22.13 Long URL Handling During Authentication

Long URL handling applies to both credential collectors (ECC or DCC) and is a default operation.

22.13.1 About Long URLs and Authentication Handling

Authentication involves redirecting the user's request to a centralized component that performs authentication, known as a Credential Collector. The mechanism used to redirect user from the policy enforcement point (OAM Agent) to the Credential Collector, is a proprietary front channel protocol over HTTP. This protocol currently provides the context of the request and the authentication response on the query string. In situations where the URL of the requested page is larger, the overall context becomes larger and can go beyond the browser's permissible size. This is referred to as Long URL Handling.

By default, the Resource Webgate checks the payload size of the front channel protocol message to determine if it is larger than the coded limit. When long URL handling is explicitly enabled, the limit is ignored and has no impact.
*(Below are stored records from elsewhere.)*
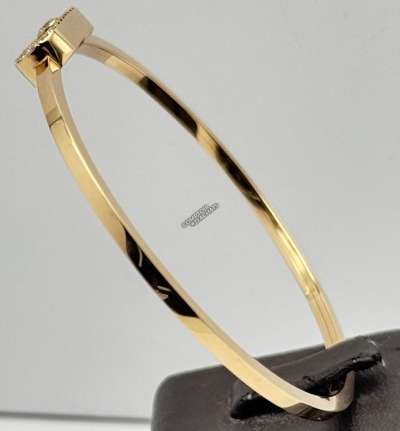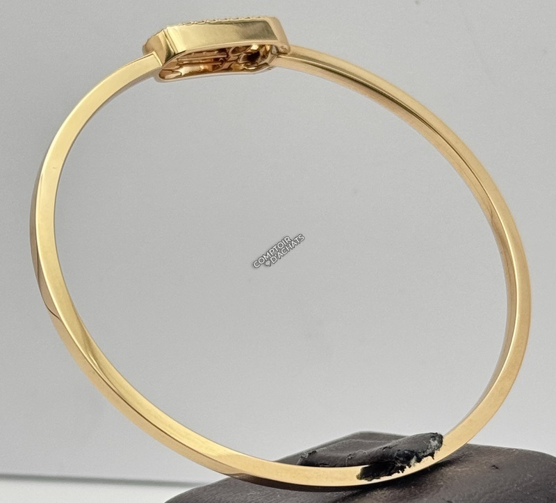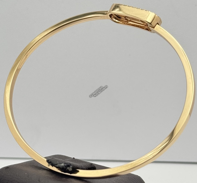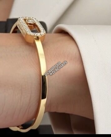 Il est réalisé en or rose et met en valeur un motif rectangulaire caractéristique Move Uno. L'élément central est un diamant mobile (un total de 0,34 carat pour l'ensemble du bijou, qualité G/VS) qui se déplace avec les mouvements du poignet, créant un éclat subtil et contemporain.
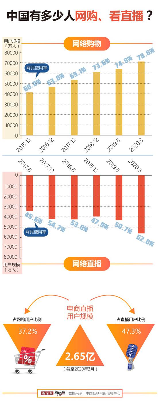 据中国互联网络信息中心近日发布的第45次中国互联网络发展状况统计报告,截至2020年3月,电商直播用户规模达2.65亿,占网购用户的37.2%,占直播用户的47.3%。
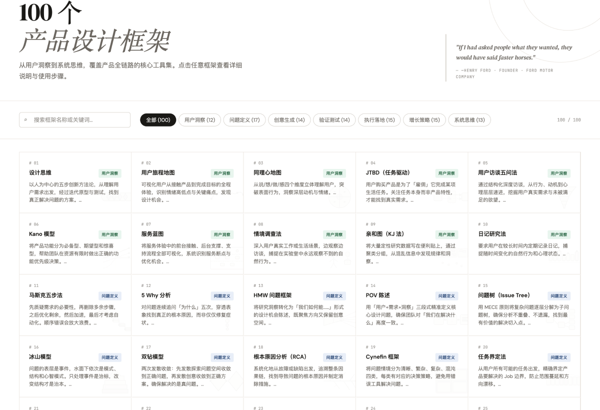 给产品经理、设计师备的「框架字典」,从用户调研、问题拆解,到创意、验证、执行、增长、系统思维,整整 100 个方法全都列出来了。每个条目都有一句精炼解释和分类标签,点进去还能看详细说明。
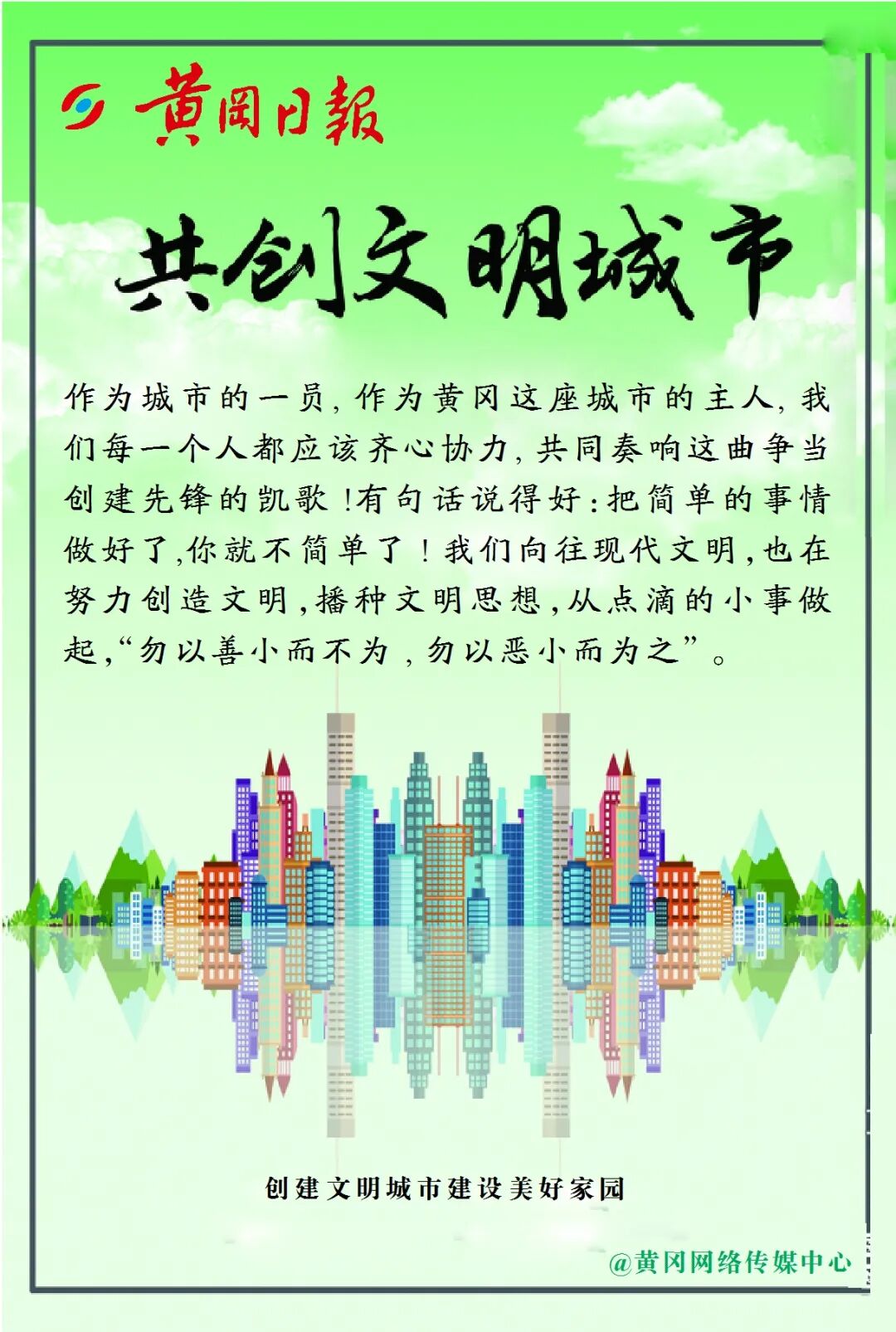 @黄冈所有人:让我们马上行动起来上下一心,携手共进撸起袖子加油干甩开膀子奋力干用我们的热情和真诚用我们的辛勤和汗水让我们黄冈环境更和谐美好让文明黄冈成为我们共同的骄傲
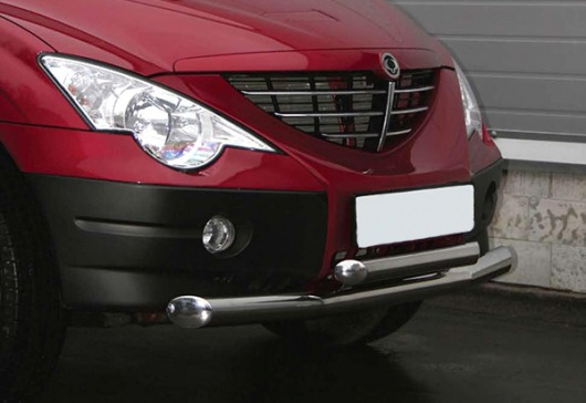 Труба на бампер SsangYong Actyon Sport защищает передний бампер автомобиля от различных механических повреждений при мелких ДТП и неудачных парковках, а также незаменима при езде по бездорожью. А кроме этого, труба на передний бампер Санг Енг Актион Спорт смотрится очень стильно и эффектно.
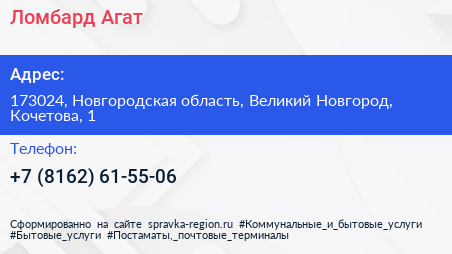 Ломбард-Агат по адресу 173024, Новгородская область, Великий Новгород, Кочетова, 1 в дальнейшем Организация, размещена в следующих категориях:
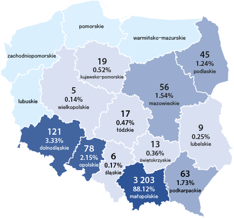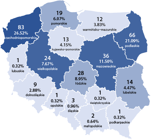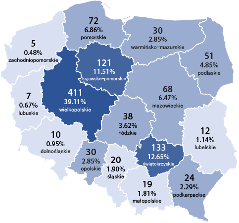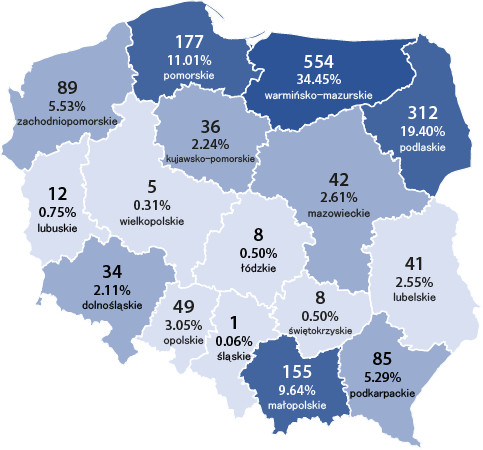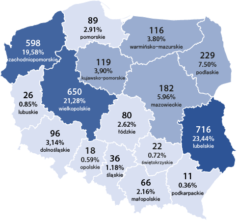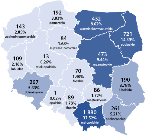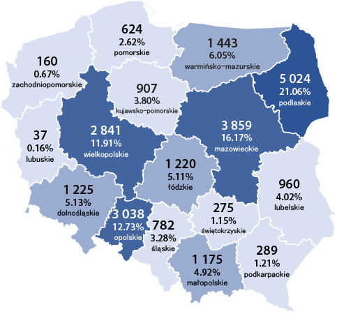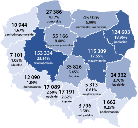 Stany krów wpisanych do ksiąg hodowlanych na dzień 31.12.2024 r. w poszczególnych województwach wg ras:
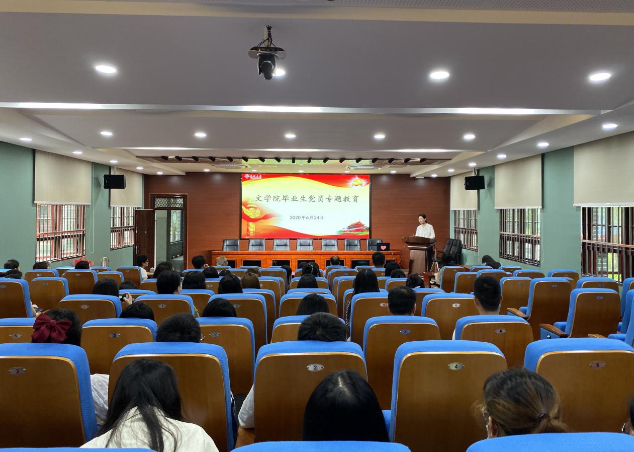 6月24日上午,在2020届毕业生集中返校期间,我院在文科楼中敏报告厅开展了以爱国主义教育、理想信念教育、党的纪律教育为内容的毕业生党员专题教育活动。活动由院党委副书记张茜主持。

The credential collector determines if the front channel response payload is to be sent as HTTP Post data when:

  • The incoming request indicates that the agent is capable of handling HTTP POST or REDIRECT type of response

  • The credential collector is configured to always send the payload as HTTP post data

  • The credential collector is configured to always send the payload as a query string

If no explicit configuration is present, then if the payload size is greater than predefined limit, then it shall send payload as the HTTP post data. But if the payload size is lower than the predefined limit, then it shall send it on the query string.

Note:

If application post data is also preserved there is no impact.

Table 22-33 identifies Long URL handling functionality with both the ECC and DCC.

Table 22-33 ECC and DCC: Long URL Handling

ECC Long URL Handling DCC Long URL Handling

ECC is compatible with all OAM Webgates.

Same as ECC.

N/A

Long URL handling is limited to the maximum allowed size of the DCCContextCookie.

The DCC does not perform explicit long URL handling.

There is no support to preserve the front channel payload on the form.

22.13.2 Configuration Requirements for Long URL Handling

The following are the Authentication Schemes Supporting Long URL Handling:
  • FORM challenge method, supported with the out of the box login page.

  • WNA

  • Basic

  • Basic+Sessionless

  • X509

  • OIF, OIM, OAAM integrations using TAP

Table 22-34 summarizes the parameters and complete configuration requirements for authentication Long URL handling. All requirements described in Table 22-34 are supported end to end with the specified authentication schemes.

Table 22-34 Parameters Required for Long URL Handling

Parameter Description

ChallengeRedirectMethod

Configure this as either as an Authentication Scheme challenge parameter (or as a user-defined Webgate parameter) for POST-data preservation for both the embedded credential collector (ECC) and the detached credential collector (DCC).

Note: Preference is given first to the Authentication Scheme containing this parameter; second to the Webgate providing this user-defined parameter. Otherwise, default behavior is Dynamic.

Value: GET|POST|DYNAMIC

Behavior when value is:

  • POST: Webgate sends encquery as POST data and credential collectors send encreply as POST data.

  • GET: Webgate sends encquery as query string and expects encreply as query string.

  • DYNAMIC: Default behavior, based on the length of the encquery/encreply. Webgate/credential collector sends data either as a query string or as POST data. Code default maximum length is 2000 characters.

See Also: "Configuring Authentication POST Data Handling"

Table 15-2

ChallengeRedirectMaxMessageBytes

Configure this user-defined Webgate parameter to limit the size of the message data received as obrareq.cgi and obrar.cgi. Message data is comprised of query string length (if present) or POST data length (if POST data is present). If message size exceeds this limit, the message is not processed and the existing message is shown in the browser. The event is logged as usual.

Default: 8192 bytes

Notes:

obrareq.cgi is the authentication request in the form of a query string redirected from Webgate to the credential collector (OAM server or DCC).

obrar.cgi is the authentication response string redirected from the credential collector (OAM server or DCC) to Webgate.

See Also: "Configuring Authentication POST Data Handling"

Table 15-2

serverRequestCacheType

ECC Only

Configure this OAM parameter to define the mechanism used to remember the request context by the embedded credential collector (ECC).

This OAM Server parameter in $DOMAIN_HOME/config/fmwconfig/oam-config.xml indicates mechanism to be used to remember the request context. Possible values are FORM, COOKIE, or CACHE.

Default: COOKIE

FORM is the required value for POST data preservation, Long URL handling and Form-based authentication schemes.

See Also: TempStateMode in this table.

"Configuring Authentication POST Data Handling"

Long URL handling is enabled by default. The Webgate/credential collector sends data either as a query string or a POST. The length of the querystring parameter sent with obrareq.cgi and obrar.cgi is 2000 characters maximum.